Homeowners in the area allege Roche released “abnormally dangerous and hazardous chemicals” into the ground. The company has been attempting to remediate any contamination since 1992 and hasn’t operated the 118-acre research facility since 2013. The town of Nutley is also a defendant.

Roche argued the plaintiffs’ motion to certify their class was improperly granted by the trial judge because a “rigorous analysis” of the evidence presented did not take place, but the Appellate Division disagreed.

The case caught the attention of the New Jersey Civil Justice Institute, which submitted a friend-of-the-court brief.

“Plaintiffs had conceded there were no health or safety concerns related to the contamination. Rather, the alleged injury is tied to the Classification Exception Area (CEA) notice sent to homes near contamination, which designates groundwater sources as unfit for certain uses,” the group said.
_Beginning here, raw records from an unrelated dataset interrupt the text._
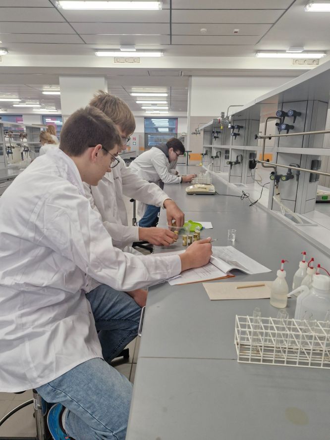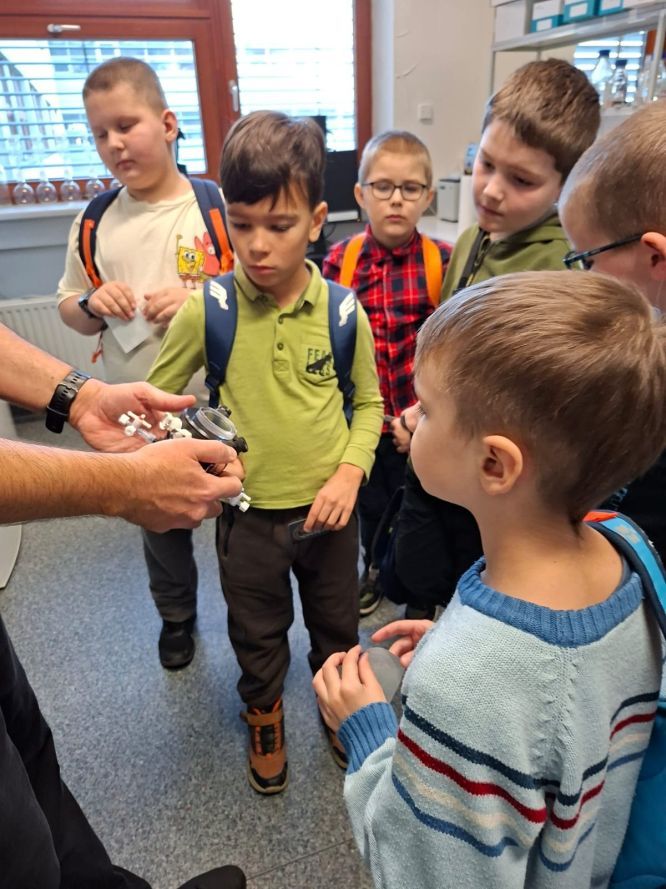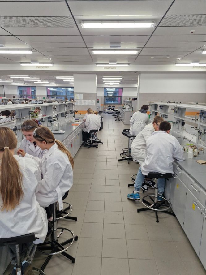 Uczniowie klas 8B, 8C oraz 8E dnia 28 października 2025 roku wybrali się na Wydział Chemii Uniwersytetu Adama Mickiewicza w Poznaniu w ramach współpracy szkoły z uczelnią w programie klas akademickich.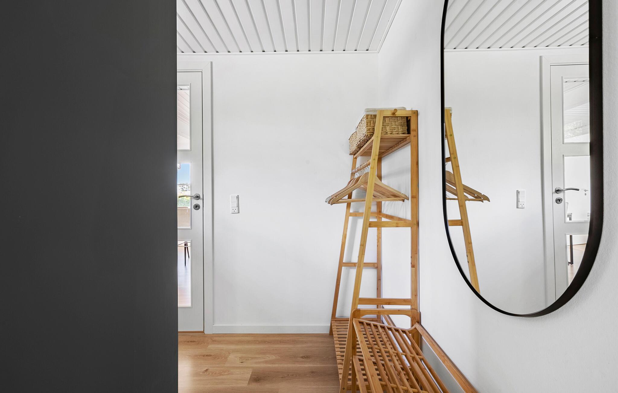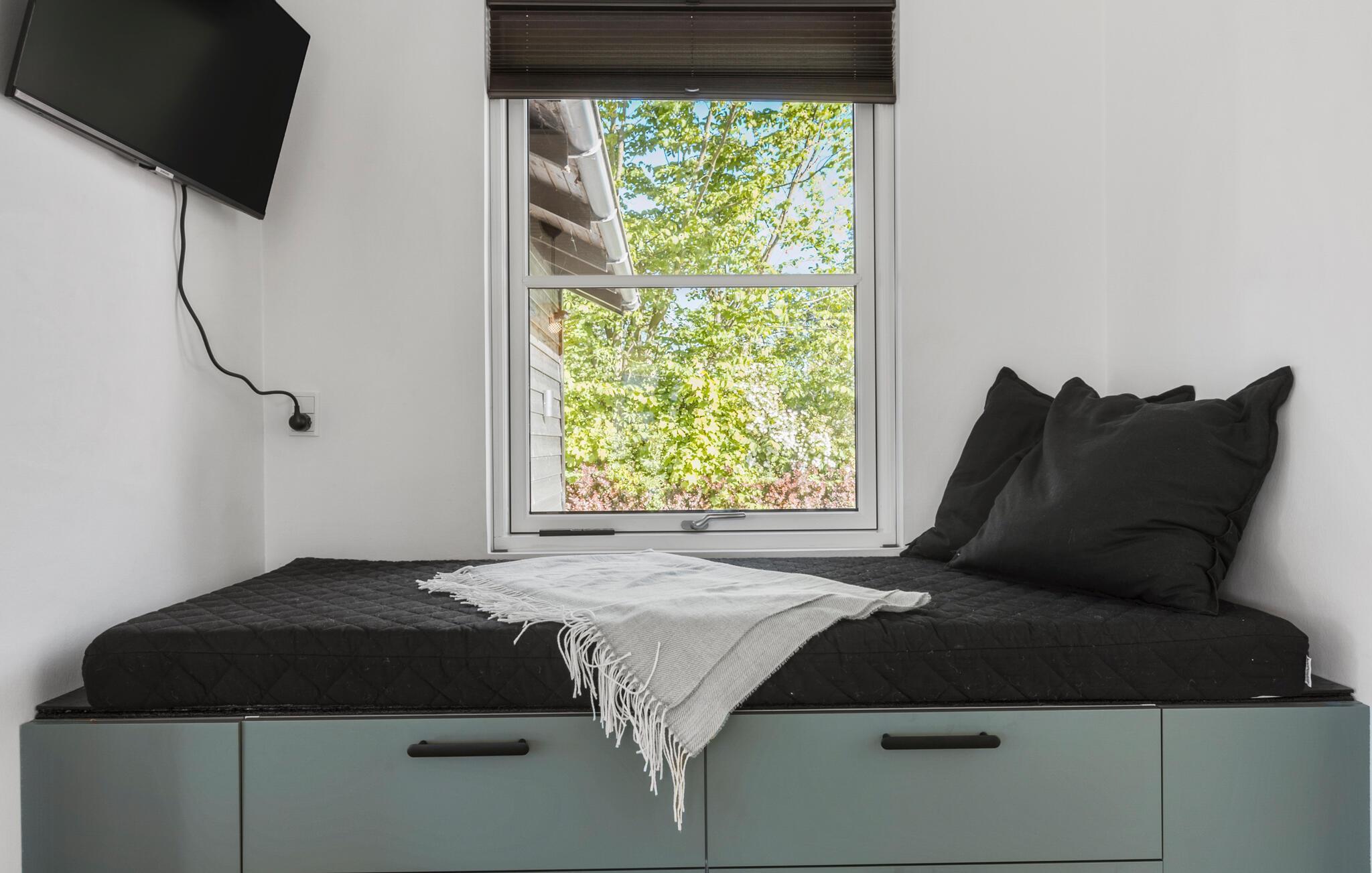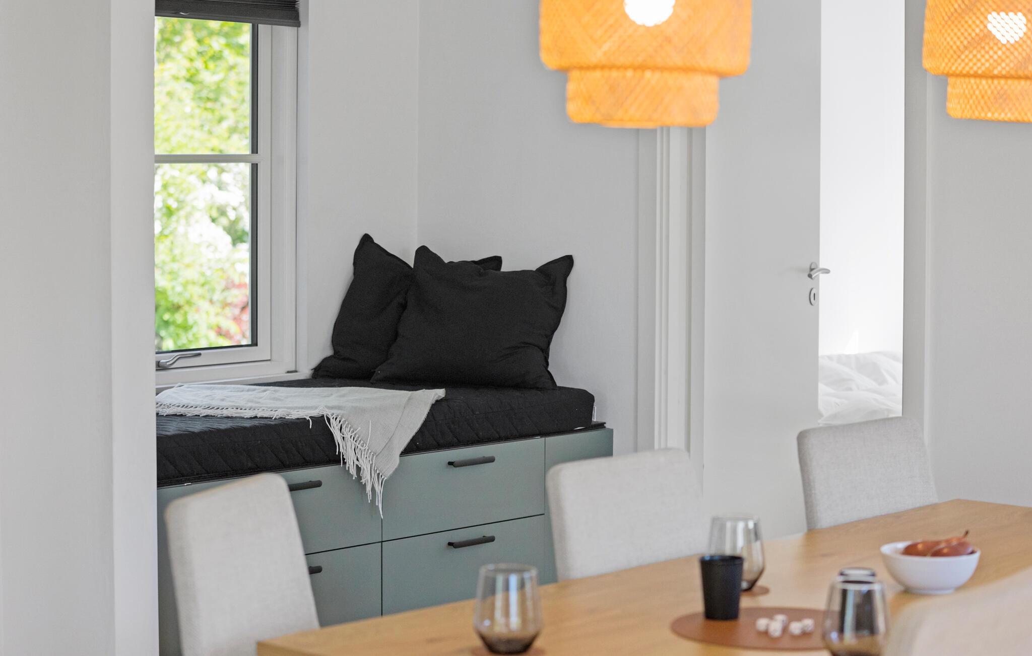 Velkommen til dette lækre hus, der ligger få skridt fra den familievenlige Skovmose Strand, og hvor I får en fremragende ramme om årets familieferie. Indvendigt fremtræder huset yderst flot og stilsikkert. Interiøret får dejlige lysindfald gennem de mange vinduespartier, der samtidig giver en smuk udsigt til haven. Skulle vejret vise lidt tænder, kan I fyre op i brændeovnen og nyde dens knitrende varme til madlavningen i det moderne køkken, boglæsningen i alkoven og hyggelige fællesmåltider ved spisebordet. Lad aftenen gå på hæld med lækre snacks, brætspil og en god film på tv'et, mens I lægger planer for de kommende dage.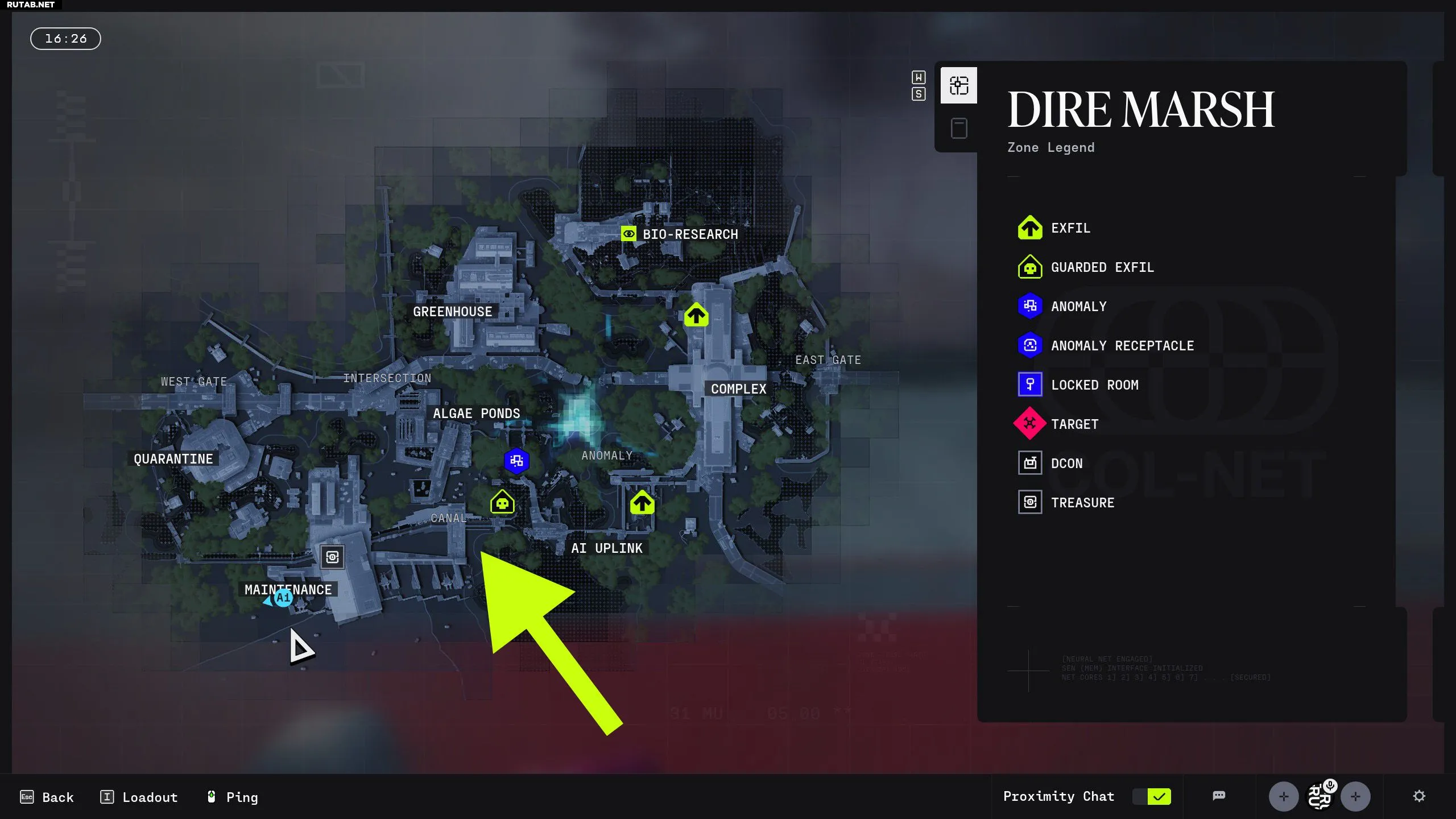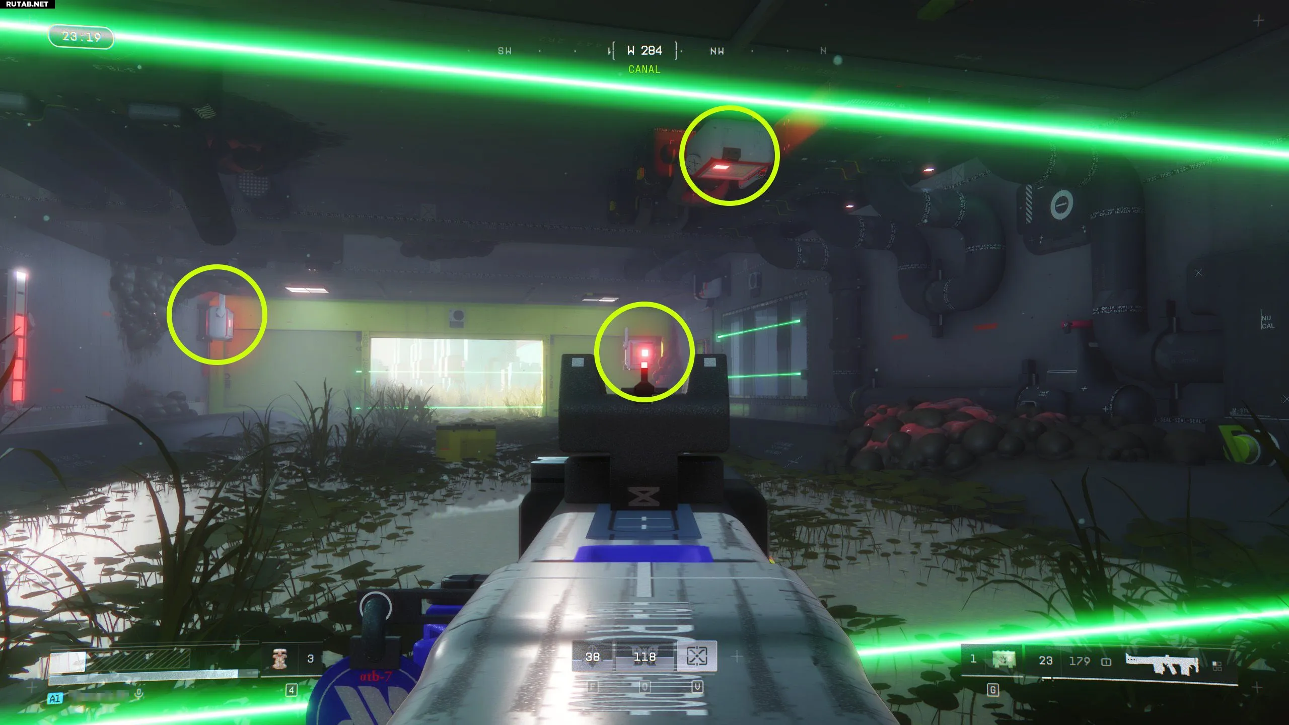 На карте «Гибельные топи» направляйтесь в район Канала к востоку от Техобслуживания и к югу от Водорослевых прудов. Вы увидите тоннель с желтой окраской и зелеными лазерами безопасности по бокам. Подойдите к лазерам, но не проходите сквозь них.

“The notice does not suggest residents are at risk of harm, and all residents draw water from city sources unrelated to the affected aquifer. The alleged injury instead turns on a possible diminution in property value that might result from disclosure of CEA notice. The complaint includes a bare assertion that all class members have in fact suffered a diminution in property values.”

But the Appellate Court wrote that a class of homeowners who would have to receive the regulatory notice is sufficiently identifiable, turning back Defendants’ arguments that some homeowners in the class might have different issues than others.

“If individualized issues present difficulties in the management of this class litigation at a later stage, the trial court may, in the exercise of its discretion, subdivide classes or maintain class status with respect to only particular issues,” the court wrote.

“Mere speculation that management issues may arise should not foreclose a finding of superiority.”